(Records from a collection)
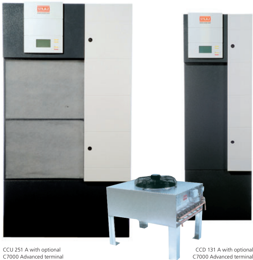
CCU 251 A with optional C7000 Advanced terminal

Unlike comfort air-conditioning units, which are not designed for permanent operation, MiniSpace with its microprocessor control ensures a precisely defined climate within narrow tolerances around the clock, 365 days a year.
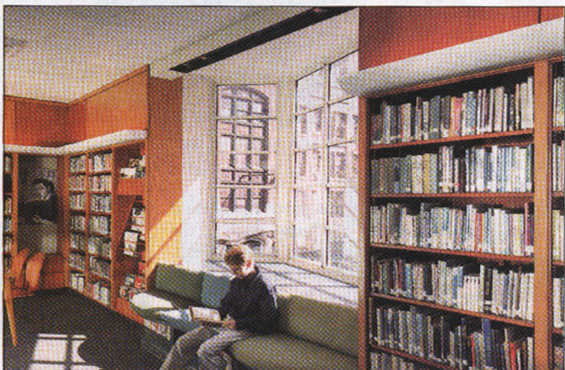
Bay window reading area
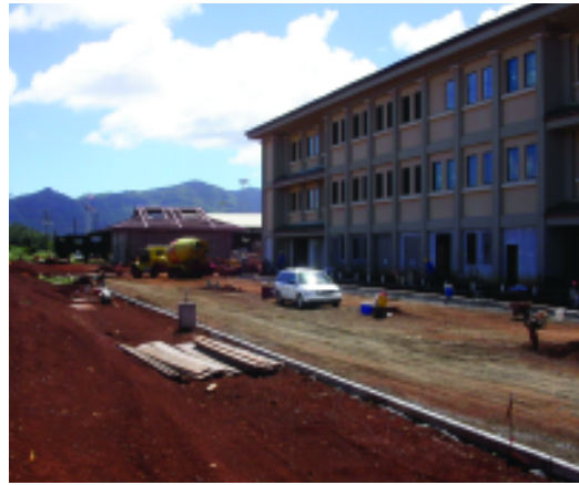
Kauai Judiciary Complex with Unlimited Construction.
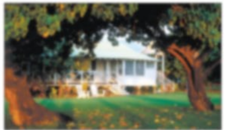
Waimea Plantation Cottages on Kauai features refurbished former sugar-plantation houses.
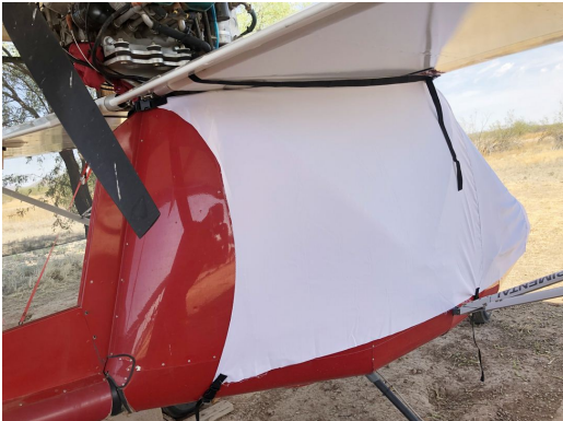
Rans S-12 Airaille Canopy/Nose Cover (test fit cover)
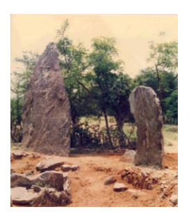
Fig. 13. Menhir, Kodumanal
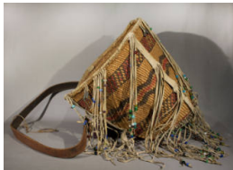
Title: Burden Basket Primary Maker: Apache Medium: woven sumac, devil's claw and split willow with red paint, leather, beads and metal bangles
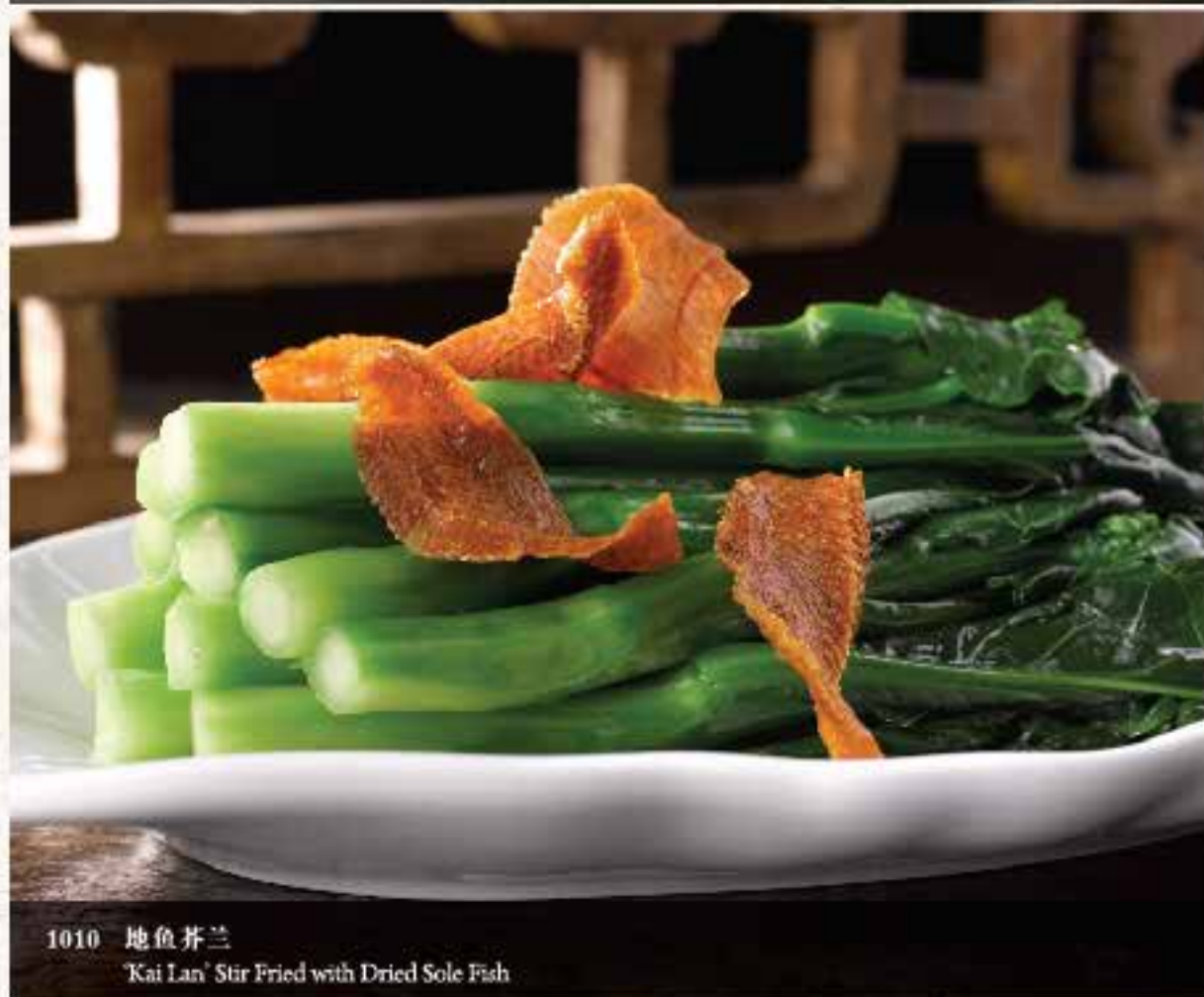
1010 地鱼芥兰 'Kai Lan' Stir Fried with Dried Sole Fish
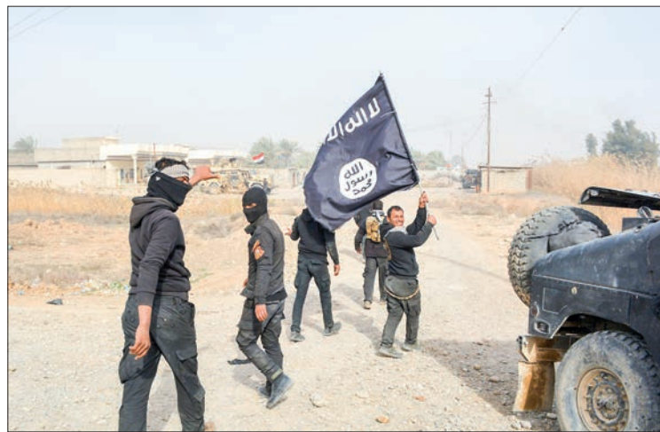
Iraqi government forces celebrate while holding an Islamic State (IS) group flag after they claimed they have gained complete control of the Diyala province, northeast of Baghdad, on 26 January 2015 near the town of Muqdadiah. Iraqi forces have "liberated" Diyala province from the Islamic State jihadist group, retaking all populated areas of the eastern region.

Mohammed Khalifa, who was born in Saudi Arabia, pleaded guilty in December to conspiring to provide material support to IS resulting in death. According to the Department of Justice (DOJ) indictment, he left Canada in 2013 to join the IS group in Syria, where he quickly took on a leading role in the self-proclaimed "caliphate" that straddled that country and Iraq. Khalifa, now 39, quickly began serving in "prominent roles" within the IS group and by 2014 had become a key
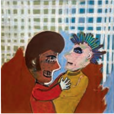
The Fight, 1991, Acryl auf Holz, 54,5 x 54,5 cm
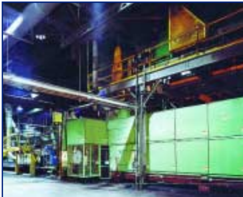
DISAMATIC MOLDING LINE
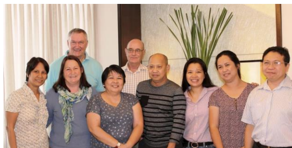
The ACIAR Mindanao Project team

The five-year project is funded by the Australian Government through the Australian Centre for International Agricultural Research (ACIAR). It aims to develop a new agricultural extension framework that can be used by communities and agencies in conflict zones.
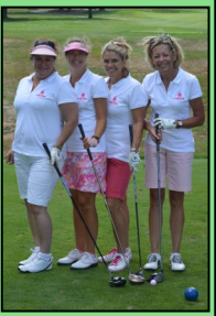
Team Pink Pom Pom Project!

The event was a great success! The tournament nearly sold out with more than 140 players in attendance. Prizes and a raffle kept the day exciting! Golfers had a great time and raised nearly $25,000 to support the educational programs at the McGivney Center. Thank you to all the sponsors and golfers that made this the most successful year yet!
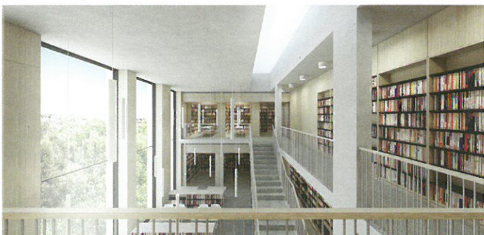
St Paul's School
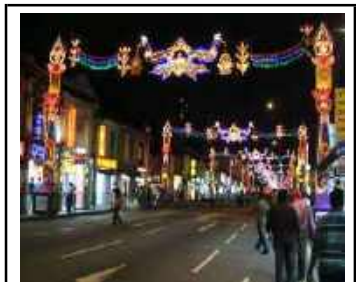
Hari Raya Puasa

Deepavali or Diwali marks the day Lord Rama returned to his kingdom. It signifies the victory of the good over the bad. During this day, Little India is lit up with lights and the skies are filled with dazzling fireworks in the night. People wear new clothes and greet each other. Before the day, some families clean their houses and make new purchases.
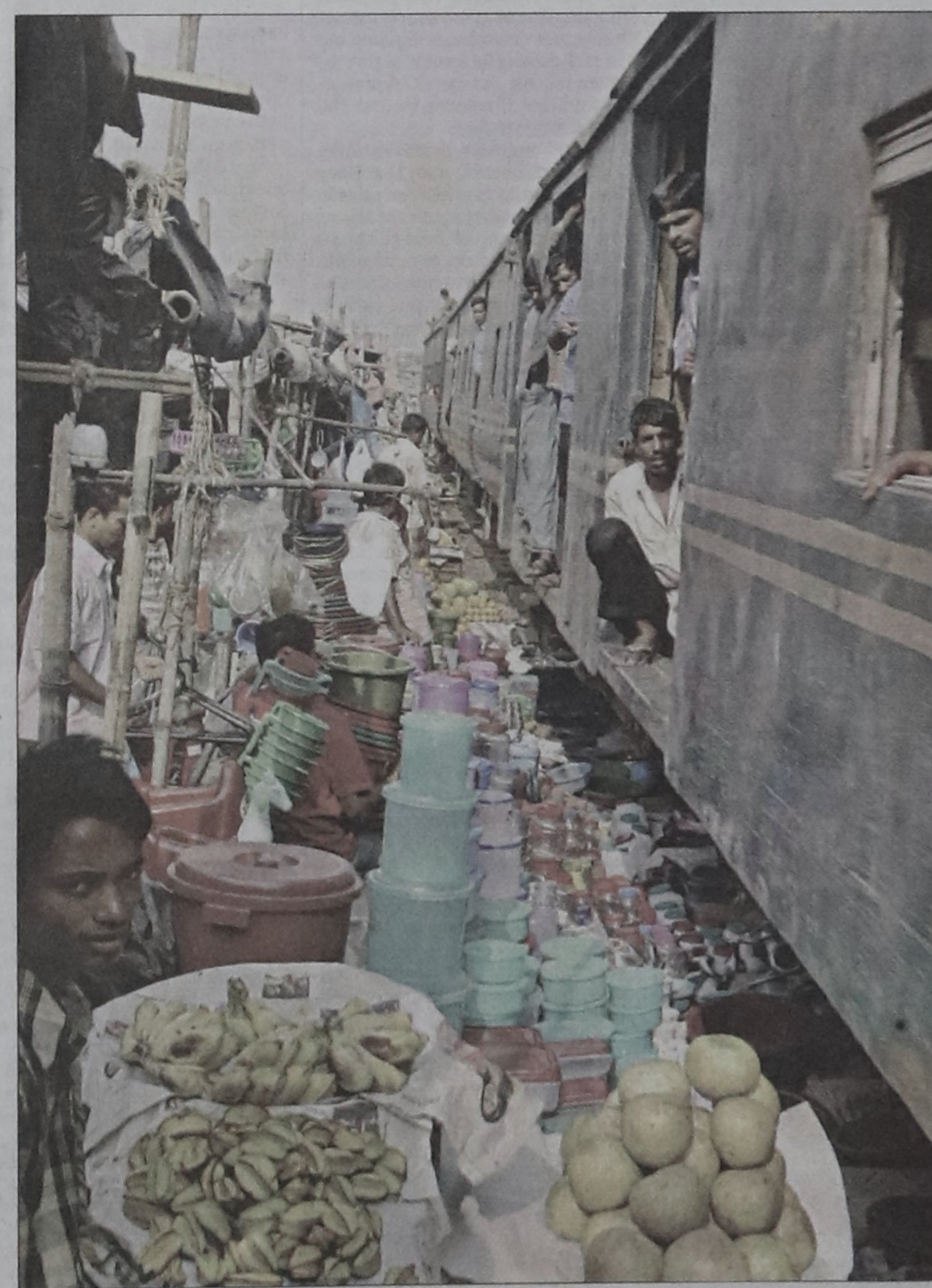
Vendors run business just beside Dhaka-Narayanganj rail tracks at Jurain in the city, risking their and the customers' lives.

*TASK ITEM*: With the pictures set aside, copy each line above as written.

*WRITTEN RESPONSE*:
CCU 251 A with optional C7000 Advanced terminal

Unlike comfort air-conditioning units, which are not designed for permanent operation, MiniSpace with its microprocessor control ensures a precisely defined climate within narrow tolerances around the clock, 365 days a year.
Bay window reading area
Kauai Judiciary Complex with Unlimited Construction.
Waimea Plantation Cottages on Kauai features refurbished former sugar-plantation houses.
Rans S-12 Airaille Canopy/Nose Cover (test fit cover)
Fig. 13. Menhir, Kodumanal
Title: Burden Basket Primary Maker: Apache Medium: woven sumac, devil's claw and split willow with red paint, leather, beads and metal bangles
1010 地鱼芥兰 'Kai Lan' Stir Fried with Dried Sole Fish
Iraqi government forces celebrate while holding an Islamic State (IS) group flag after they claimed they have gained complete control of the Diyala province, northeast of Baghdad, on 26 January 2015 near the town of Muqdadiah. Iraqi forces have "liberated" Diyala province from the Islamic State jihadist group, retaking all populated areas of the eastern region.

Mohammed Khalifa, who was born in Saudi Arabia, pleaded guilty in December to conspiring to provide material support to IS resulting in death. According to the Department of Justice (DOJ) indictment, he left Canada in 2013 to join the IS group in Syria, where he quickly took on a leading role in the self-proclaimed "caliphate" that straddled that country and Iraq. Khalifa, now 39, quickly began serving in "prominent roles" within the IS group and by 2014 had become a key
The Fight, 1991, Acryl auf Holz, 54,5 x 54,5 cm
DISAMATIC MOLDING LINE
The ACIAR Mindanao Project team

The five-year project is funded by the Australian Government through the Australian Centre for International Agricultural Research (ACIAR). It aims to develop a new agricultural extension framework that can be used by communities and agencies in conflict zones.
Team Pink Pom Pom Project!

The event was a great success! The tournament nearly sold out with more than 140 players in attendance. Prizes and a raffle kept the day exciting! Golfers had a great time and raised nearly $25,000 to support the educational programs at the McGivney Center. Thank you to all the sponsors and golfers that made this the most successful year yet!
St Paul's School
Hari Raya Puasa

Deepavali or Diwali marks the day Lord Rama returned to his kingdom. It signifies the victory of the good over the bad. During this day, Little India is lit up with lights and the skies are filled with dazzling fireworks in the night. People wear new clothes and greet each other. Before the day, some families clean their houses and make new purchases.
Vendors run business just beside Dhaka-Narayanganj rail tracks at Jurain in the city, risking their and the customers' lives.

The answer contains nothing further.